Task item. Nothing but the text of the records belongs in your answer: repeat all of it exactly and leave out the images.
• • • •
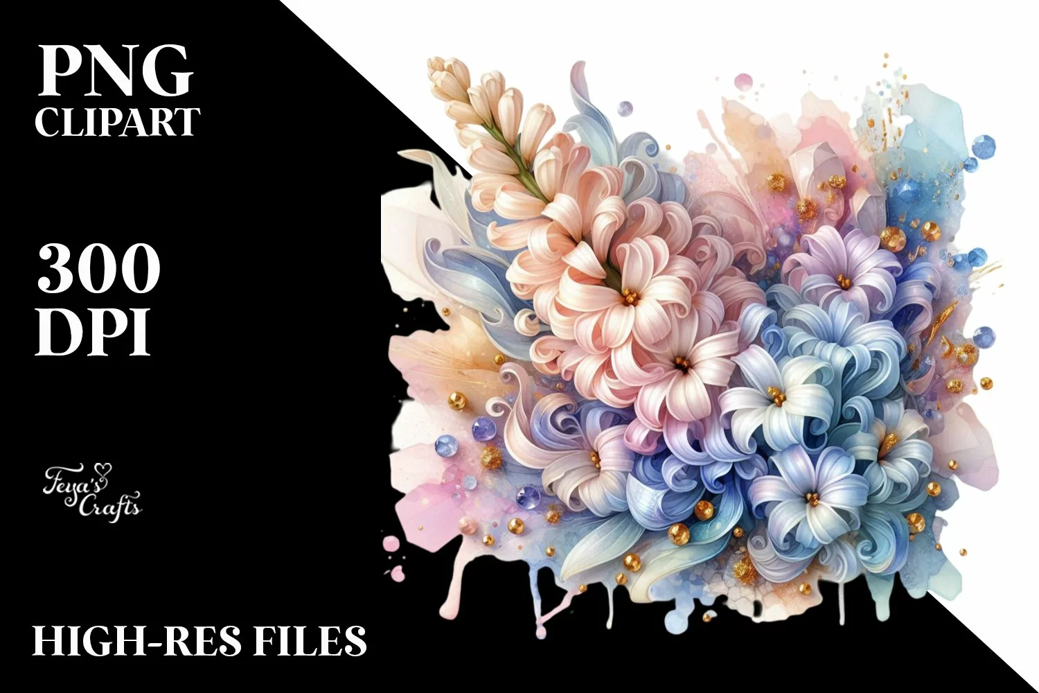 Similar Design Products to Shiny Pastel Hyacinth Golden Splash Clipart
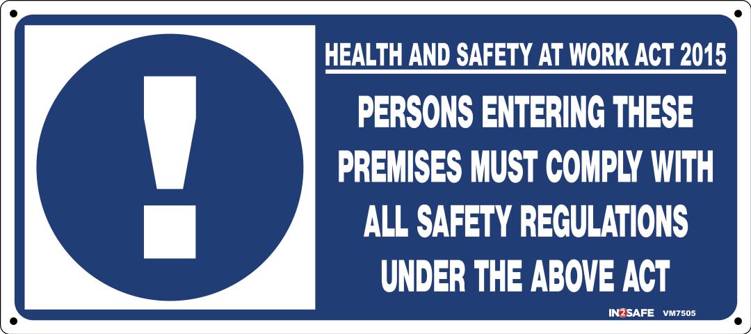 • Message: “Persons entering these premises are advised that under the Health and Safety at Work Act 2015...”
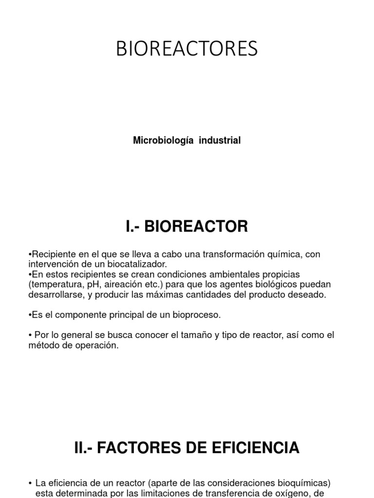 La eficiencia de un reactor (aparte de las consideraciones bioqumicas)
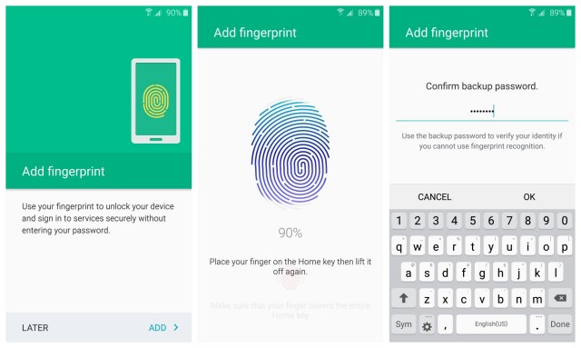 Notare che lo scanner impronte digitali può essere utilizzato anche per ottenere l'accesso ad applicazioni supportate, come Paypal. Sarà inoltre presto possibile utilizzarla per l'accesso a siti web sul browser web del telefono, e pagando per gli acquisti con Samsung Pay.
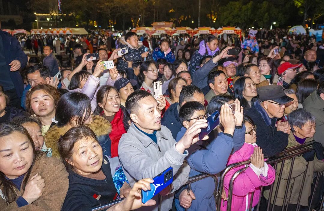 中央舞台展演区好戏连台,国家级非遗王贵武龙灯、划莲船等动态非遗展示先后上演,搭配本土乐队、新潮电音表演,让传统民俗与年轻潮流激情碰撞。
• • • •
Response area.
 Similar Design Products to Shiny Pastel Hyacinth Golden Splash Clipart
 • Message: “Persons entering these premises are advised that under the Health and Safety at Work Act 2015...”
 La eficiencia de un reactor (aparte de las consideraciones bioqumicas)
 Notare che lo scanner impronte digitali può essere utilizzato anche per ottenere l'accesso ad applicazioni supportate, come Paypal. Sarà inoltre presto possibile utilizzarla per l'accesso a siti web sul browser web del telefono, e pagando per gli acquisti con Samsung Pay.
 中央舞台展演区好戏连台,国家级非遗王贵武龙灯、划莲船等动态非遗展示先后上演,搭配本土乐队、新潮电音表演,让传统民俗与年轻潮流激情碰撞。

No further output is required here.